C’est la quatrième pièce de cet auteur australien le plus représenté à l’étranger que met en scène Isabelle Starkier. Une amitié est née entre eux et, alors qu’il venait de se faire voler son portefeuille dans le métro parisien, il a décidé de l’écriture de cette pièce dont il lui a confié la mise en scène. Cette histoire de transmission ne pouvait que séduire Isabelle Starkier qui aime les thèmes forts mettant en jeu une réflexion sur la citoyenneté.
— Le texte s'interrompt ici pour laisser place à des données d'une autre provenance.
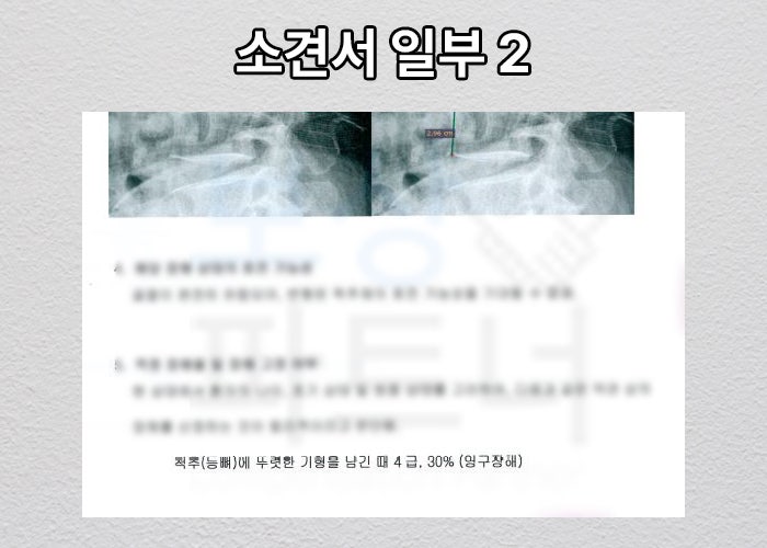 등뼈 압박골절로 인한 각도 변화는 측정하는 전문의마다 주관적인 소견이 들어갈 수 있습니다. 따라서 이를 뒷받침 할 수 있는 전문가의 손해사정 보고서도 필수입니다. 증빙 자료도 물론이죠.
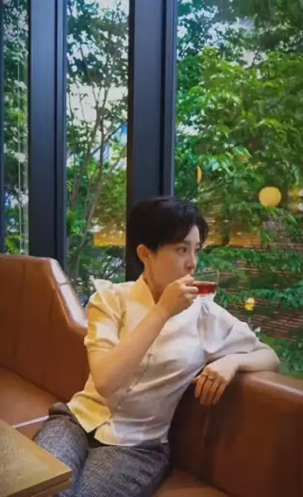 近日不惑之年的她坐在家中豪宅悠閒喝茶。

Raymond va apprendre à Ariane à transformer sa rage grâce à la boxe, mais en fait aussi le prétexte d’un apprentissage des règles de vie en société.
Sur un plateau presque nu où seule une télé apporte en boucle des informations sur des attentats ou des naufrages de migrants, des tapis rouges permettent la circulation des deux personnages vers l’extérieur avant que des cordes, rouges elles aussi, délimitent un ring, où Raymond va entraîner Ariane. Les scènes se succèdent sur un rythme vif comme au cinéma. Les spectateurs sont installés devant le ring comme convoqués pour ce combat où se jouent la vie et la mort et où la détermination et la volonté de transmettre des valeurs tentent de juguler les accès de violence et de contrer la marchandisation tous azimut des rapports sociaux. Roland Timsit compose un Raymond formidable d’humanité, qui utilise la boxe pour canaliser la violence d’Ariane et transformer sa peur de l’autre, qui la conduit à la haine, en respect de la différence. Clara Starkier est une Ariane, concentré de révolte et de violence, qui perçoit bien les fragilités de Raymond. Son agressivité, son côté roublard cherchant à marchander toute réponse à ses questions, persuadée que les rapports sociaux ne sont qu’échanges marchands, va peu à peu laisser entrevoir ses peurs et ses faiblesses. Sa violence va se transformer en ballet, celui de l’entraînement d’une boxeuse à la recherche d’elle-même.
Dans ce conte où se glisse l’absurde et où le rire alterne avec l’émotion, le réalisme des rapports sociaux ? laisse aussi place à une dimension poétique et grave grâce à la voix de la chanteuse (Lila Maski) qui mêle chant lyrique (Purcell et une cantate italienne du XVIIème siècle) et musique électro-acoustique composée par Timothy Daly. Ombre noire elle annonce la mort, revêtue d’un peignoir de satin rouge elle semble accompagner la jeune boxeuse mais elle reste la mort.
Une belle et poignante histoire d’apprentissage où s’invitent la vie, la mort et l’amitié. Un beau spectacle pour ce retour au théâtre.